The Sobel operator gives an estimate of the change of intensity at a given pixel in relation to it's neighbors. This number is usually high at the edges where intensity values jump from a low value to a high value or vice versa. By applying a thresold on this gradient information, a binary image containing edges can be extracted. Unfortunately this has the side effect of showing edges that we (humans) may not perceive as edges or boundaries.
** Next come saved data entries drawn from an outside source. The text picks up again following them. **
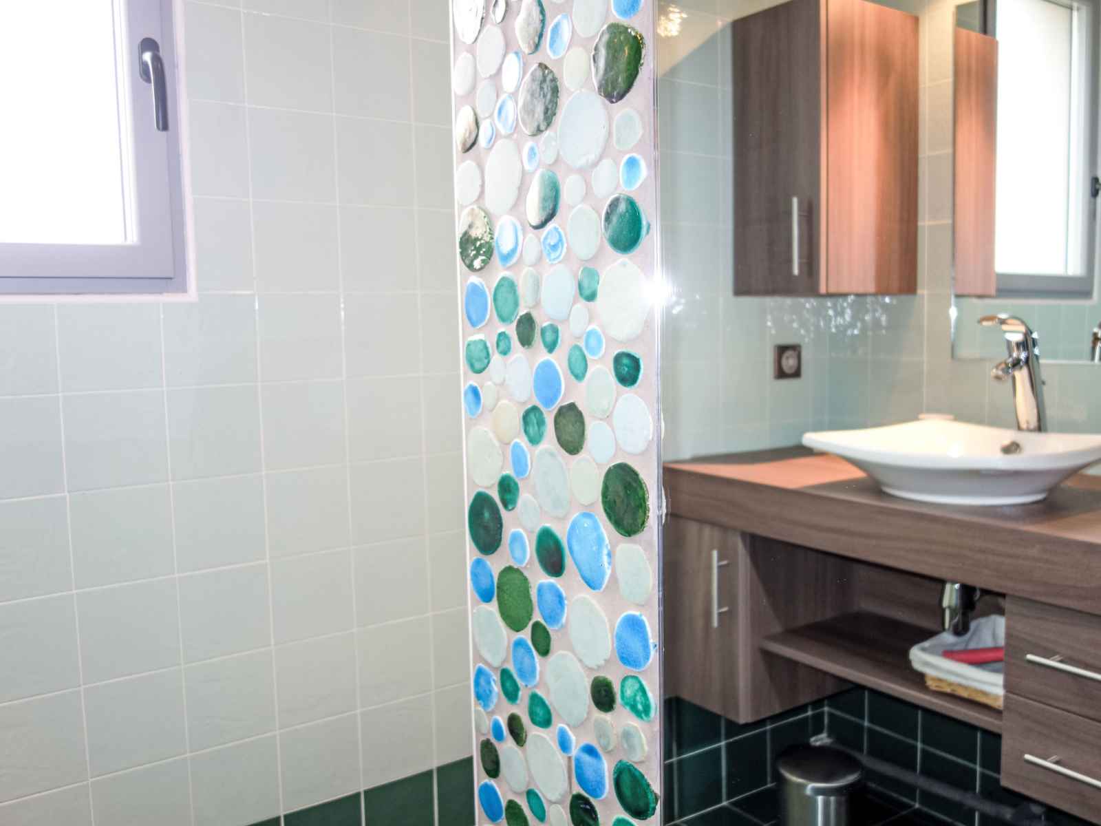 bouilloire électrique, micro-ondes, congélateur, cafetière électrique, Capsules pour machine à café (senseo) (NON INCLUSES)). Sortie sur la terrasse. 2 WC séparés. Air-conditionné. À l'étage supérieur: 2 chambres, chaque chambre avec: 1 grand-lit et air-conditionné. Sortie sur le balcon. Douche, WC séparé. A disposition: lave-linge, sèche-linge, fer à repasser, sèche-cheveux. Internet (Connexion WIFI, gratuit). Veuillez noter: détecteur de fumée.
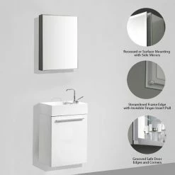 - Mirrors on both sides of the door, interior walls & both side panels, which makes it a bathroom cabinet with mirror on all sides.
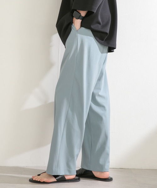 キーワード:パンツ メンズ ウエストゴム ストレート ハイウエスト フルレングス ワイドパンツ 無地
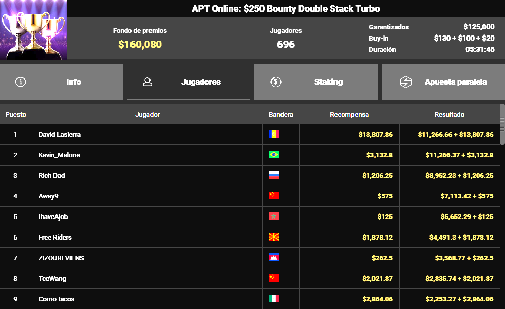 Su tercer puesto se tradujo en $12.276 y estuvo acompañado en la FT por Ka Kwan Lau, quien fue sexto y ayudó a superar los 200.000 $ en premios totales aportando 4.826 $.
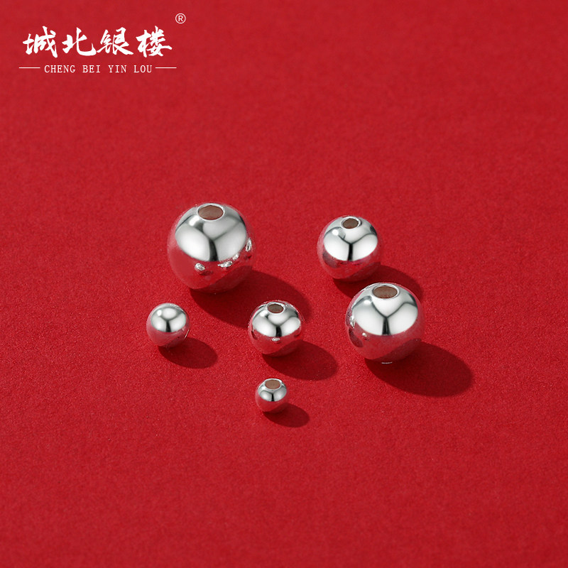 📚 城北银楼足银S999银珠光面珠子圆珠散珠串珠手工DIY手链纯银配件
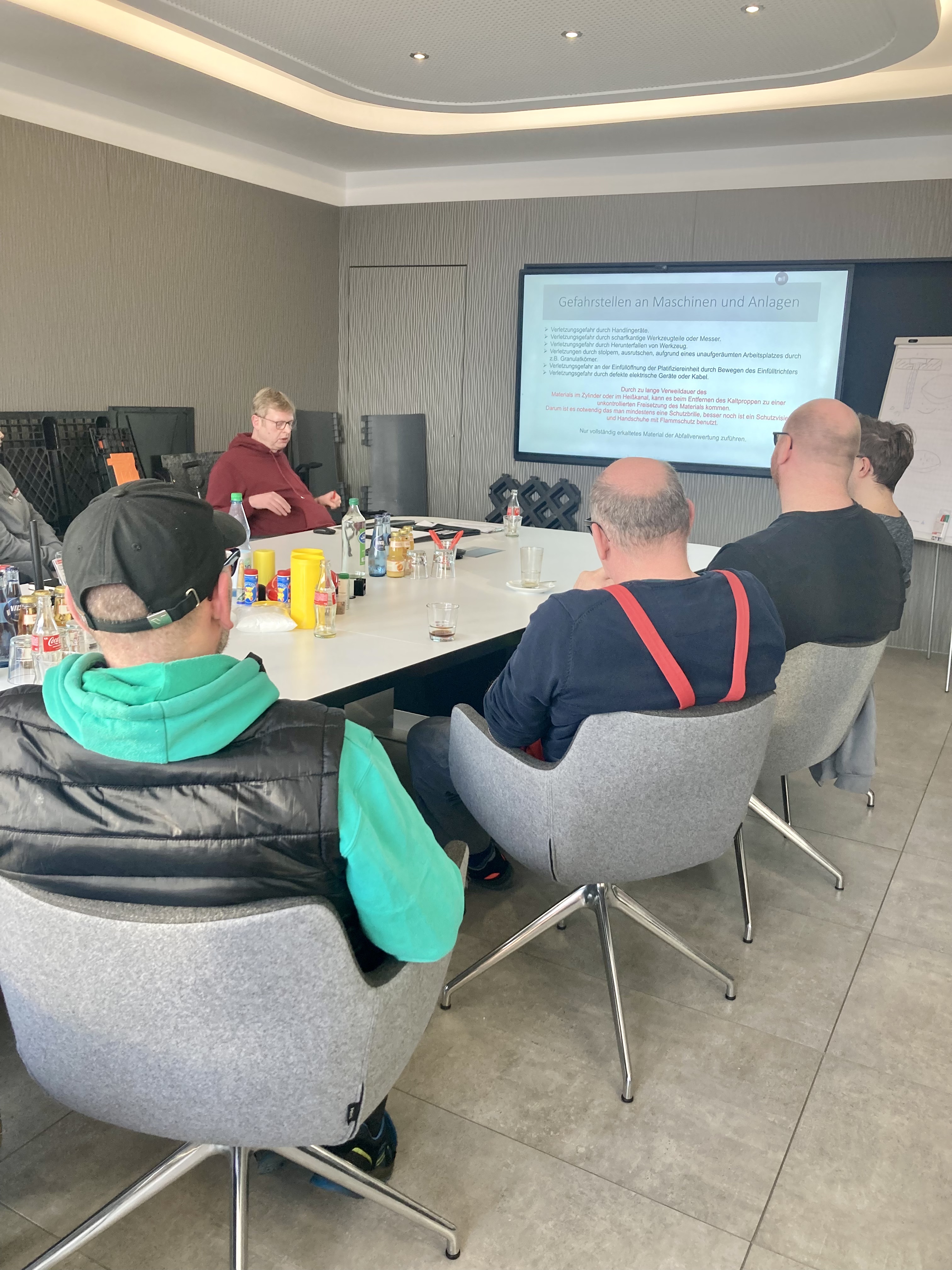 Alle neuen Kolleginnen und Kollegen erhalten zu Arbeitsbeginn eine Sicherheitseinweisung, die wir mit allen Mitarbeitenden jährlich auffrischen – wie jetzt kürzlich wieder geschehen, unter der Regie unseres Leiters der Qualitätssicherung, Ludger Thomann, der auch Mitglied im Arbeitssicherheitsauschuss ist.

The examples below illustrate this problem.



Examples of Gradient Thresholding:


lax.pgm (original image)

threshold = 8

threshold = 15

threshold = 30

We would expect only the buildings to produce edges, but in the image, we see a lot of stray edges due to local high gradients in those places.


Using Gradient Amplitude and Direction Information

The direction of an edge can be computed from the gradients in the x and y directions:
angle = tan-1(dy/dx)
In images with some known information, for example: the orientation of buildings in lax.pgm, the direction component can be used to pick out edges of just those structures. One must take into account the crude angle measurement obtained from the Sobel operator and implement a tolerance range. In my case this was set to +/- 10 degrees.


threshold = 10, direction = 10

threshold = 10, direction = 100


Ways to improve results

Smoothing can be used as a preprocessor for edge detection. It results in fewer stray edges and generally less of small edges. This is because smoothing eliminates noise and other small regions that do not contribute to the edges. The result is a clearer image showing only the prominent edges. Shown below are the results of edge detection after a) a low pass filter was applied, b) Gaussian Smoothing was performed.


lax.pgm (original image)

Low Pass filter

threshold = 10

lax.pgm (original image)

Gaussian smoothing

threshold = 10


Conclusion:

Although the Sobel operator provides a simple way to perform edge detection, it lacks the "intelligence" to work well on images with different characteristics (eg. light intensity). The user has to experiment with different thresholds in order to come up with an acceptable result. There may be other algorithms better suited for this task.